On a recent trip to the Paso Robles region of Central California, I was introduced to a program called SIP™, an acronym for Sustainability in Practice. This initiative is a project of the Central Coast Vineyard Team (CCVT), which has devised a certification program to designate vineyards that pass a peer review assessment for sustainability, not just in farming but in energy efficiency and social equity as well.

CCVT was founded in 1995 to help local growers and winemakers “farm in a way that benefits agricultural environmental and community interests.” Since that time, it has grown to include more than 300 member farms and wineries that together farm in excess of 60,000 acres of prime Central Coast real estate. The group provides an intriguing example of how local associations can direct the industry towards greater awareness and compliance with sustainable winemaking principles.

Shortly after its inception, the CCVT created a “Positive Points System” that encouraged winegrowers to voluntarily review their practices and answer a series of questions for which they were awarded points. The self- assessment addressed issues such as water use, soil erosion and chemical usage.

But it also went beyond the environmental effects of winemaking by asking about worker safety and how wineries interact with their employees – many of whom are Spanish-speaking immigrants and migrant workers.

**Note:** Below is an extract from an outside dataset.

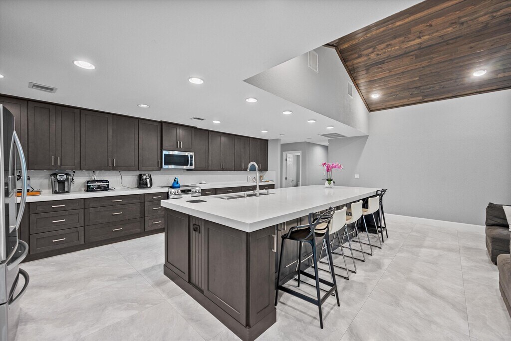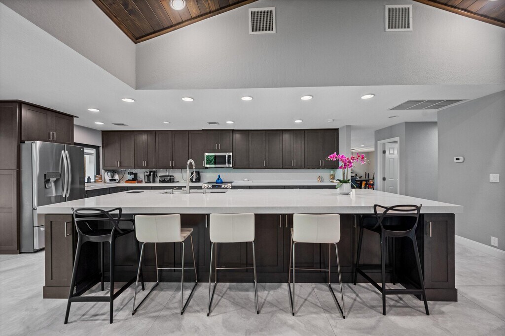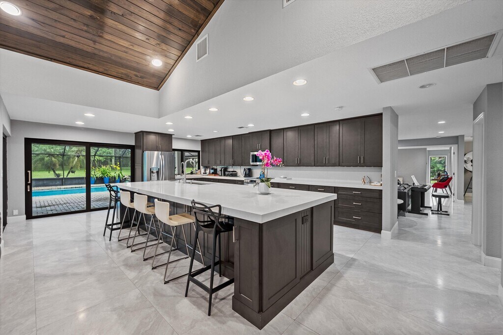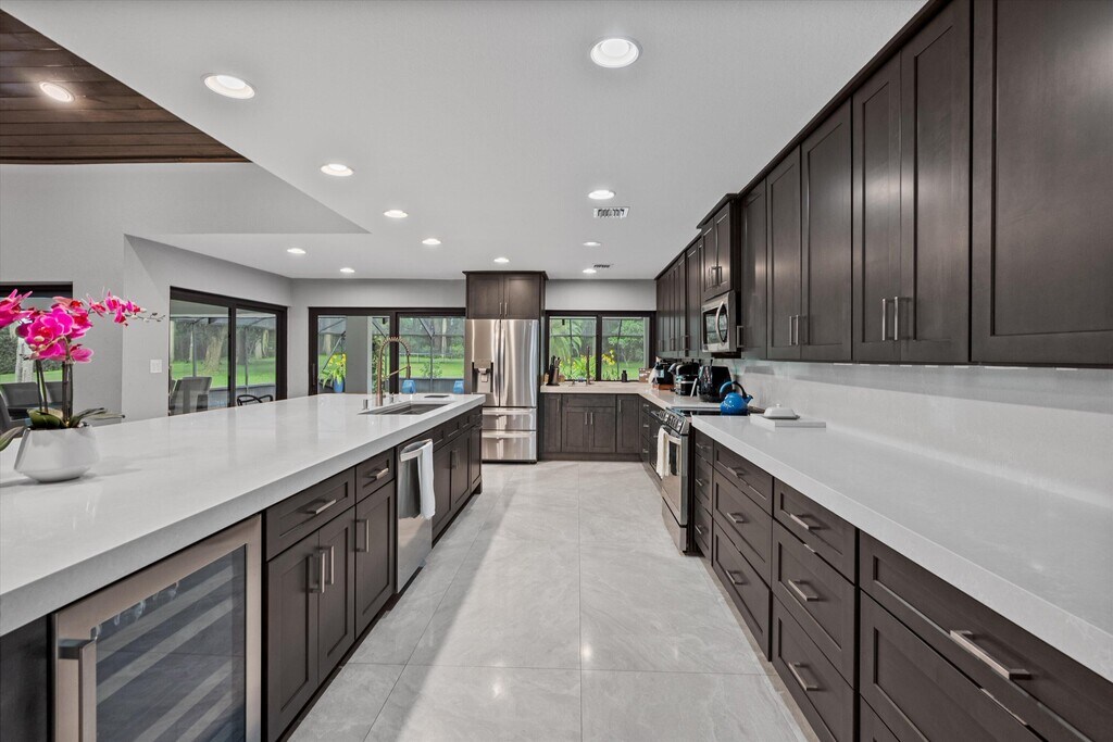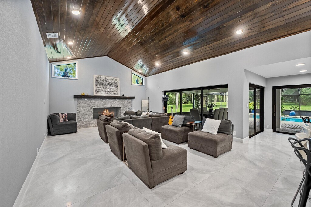 A hidden gem awaits in the highly desirable Pinewood Doubletree Trail community - where luxury living meets freedom with no HOA. Situated on a sprawling 1.17-acre lot, this beautifully updated 6-bedroom, 6.5-bathroom pool home offers over 4,292 square feet of refined interior space designed for both comfort and entertaining. The home features four ensuite bedrooms for ultimate privacy, along with a convenient Jack and Jill layout on the second floor. Inside, the first floor has been completely renovated with sleek, 30'' x 60'' modern porcelain tile that creates a clean and contemporary feel throughout. The open-concept kitchen and great room serve as the heart of the home, boasting quartz countertops in both the kitchen and bathrooms, along with an oversized center island measuring 13'9'

More than 750 growers and wineries, including non-members, completed the assessment. Though it provided revealing data and a snapshot of what was going on in the region, the program’s real benefit may have been to provide a wake-up call to growers, who took the time to assess what they were doing on a day-to-day basis. By answering questions, they were forced to evaluate their practices and perhaps think about issues that they had not fully considered before.

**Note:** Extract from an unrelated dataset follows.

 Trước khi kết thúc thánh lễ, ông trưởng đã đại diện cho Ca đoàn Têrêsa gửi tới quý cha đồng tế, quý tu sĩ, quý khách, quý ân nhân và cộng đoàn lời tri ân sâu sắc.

In 2002, a group of CCVT members determined the next step would be the introduction of a peer-reviewed certification system to evaluate the sustainability practices of members and award them for participating and achieving certain standards. Sustainability in Practice was born.

Wineries can achieve organic or biodynamic certification for their farming practices, but the CCVT went a step further. The SIP certification includes additional factors that play a role in sustainable and responsible farming and winemaking, including social aspects and energy conservation. (An SIP designation does not equate or lead to organic or biodynamic certification.)

In 2008, the pilot program was completed and 14 vineyards from Santa Barbara to Monterey were deemed to have achieved the SIP standards. Today there are 24 vineyards with SIP certification and five wineries – Halter Ranch, Baileyana-Tangent, Pomar Vineyards, D’Anbino Vineyards and Cellars, and the Robert Hall Winery – that carry the SIP-designated seal on their bottles.

To qualify for the seal, a winery must have 85 percent of their wines SIP-certified from, as they say, block to bottle. This means that an independent auditor has identified the vineyards to be in compliance with SIP standards.

The SIP program is open to all California wineries. It’s a seminal program and, like all new initiatives, there are areas of concern and disagreement. But the CCVT has come a long way in creating a framework for responsible stewardship of a growing industry.

I, for one, will look forward to seeing more SIP seals on bottles in the future.